Have been in a Cheyenne S (which has rear toilet/shower-room) before and it didn't seem to suffer from this issue.

Paul


----------



## Elvis1709 (Dec 10, 2008)

Rosbotham said:


> How tall are you? I looked around one at the NEC last autumn, and they were very nice, but I was struck by the lack of height in the bedroom and particularly in the shower room. I stood in it and was scraping my head on the ceiling...no way I could have used the shower without sticking my a*se out of the door as I stooped (I'm 6 ft tall). There's no mention of this in any of the reviews, so maybe I'm weird.
> 
> Have been in a Cheyenne S (which has rear toilet/shower-room) before and it didn't seem to suffer from this issue.
> 
> Paul


Thats for that Paul,
I have only been in the Savvanah twice, and I kind of noticed that the headroom in the bedroom seemed a little on the low side.I think it's the step upto the rear section that does it. I am 5' 11.5" but I didn't feel it was a problem. I'll take another look at it, i.e. the height, not the A***E sticking out of the door!!!!
Steve [Elvis1709]


----------



## Annsman (Nov 8, 2007)

Elvis, I've managed to dig Febs' MMM mag out from the recycling It has a write up on te Savannah. If you want it, let me have your ddress by PM and I'll post it out to you.

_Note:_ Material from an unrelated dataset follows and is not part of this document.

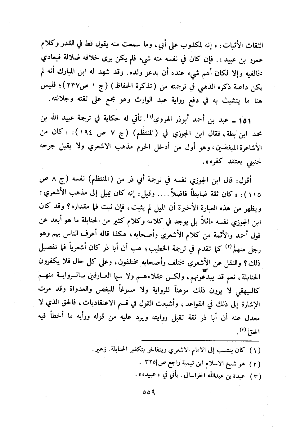 أقول: قال ابن الجوزي نفسه في ترجمة أبي ذر من (المنتظم) نفسه ج 8 ص 115: «كان ثقة ضابطاً فاضلاً ... وقيل: إنه كان يميل إلى مذهب الشعري» ويظهر من هذه العبارة الأخيرة أن الميل لم يثبت، فإن ثبت فما مقداره؟ وقد كان ابن الجوزي نفسه مائلاً بل يوجد في كلامه وكلام كثير من الحنابلة ما هو أبعد عن قول أحمد والأئمة من كلام الأشعري وأصحابه. هكذا قاله أعرف الناس بهم وهو رجل منهم (1) كما تقدم في ترجمة الخطيب. هب أن أبا ذر أشعرياً فما تفصيل ذلك؟ والنقل عن الشعري مختلف وأصحابه مختلفون.

Can't believe I'm writing to Elvis, my friends will be so jealous!


----------



## Happyrunner (Oct 1, 2006)

*Savannah model from Autotrail*

We are in the process of buying a Savannah from Stewart Mouland Motorcaravans.

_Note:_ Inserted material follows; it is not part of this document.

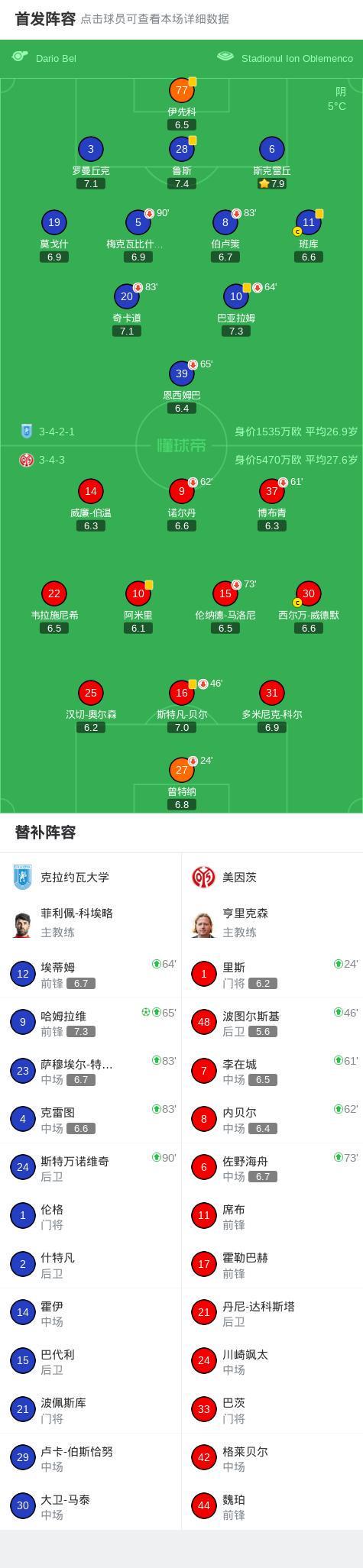 克拉约瓦大学1-0美因茨,哈姆拉维点射制胜
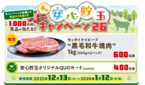 J-NETの安心貯玉.comで『冬の安心貯玉キャンペーン’26』が開催中です。アンケートに答えて応募すると、オリジナルQUOカードなどが抽選で合計1,000名に当たります。

Trading in a 740S, which we took to dealership yesterday and had a look around the new Savannah. Several items to be transferred over before we collect new van, which we hope will be 12th April.

We are vertically challenged so don't have a problem height wise, but we are both like a couple of barrels but do not invisage a problem as we tried the loo at the NEC (well not exactly tried it!)

Mike reckons the shower cubicle is larger in the Savannah, the clothes rail is removable so allowing more headroom. The offside single bed is also longer than the nearside.

Layout wise we actually preferred the 740S, with the three room set up, shower-room, bedroom and kitchen/lounge area, but as this is no longer made, the Savannah is the new alternative.

We toured Scotland for a month and found the layout very practical and convenient for our needs.

Regards

Linda and Mike


----------



## pomme1 (May 19, 2005)

I have a Cheyenne 696G which has pretty much the same washroom layout as the Savannah and, indeed, the Mohawk. Yes, headroom is tight, but I am 6' 5", albeit quite slim, and I manage to use the shower and washroom fine. As someone else said, the hanging rail lifts off and you actually step down into the shower.

Of more concern to me would be the bed lengths. In the 696G/Mohawk, the bed is almost 7' long, but in the Savannah, the singles are only about 6' 2" from memory.


----------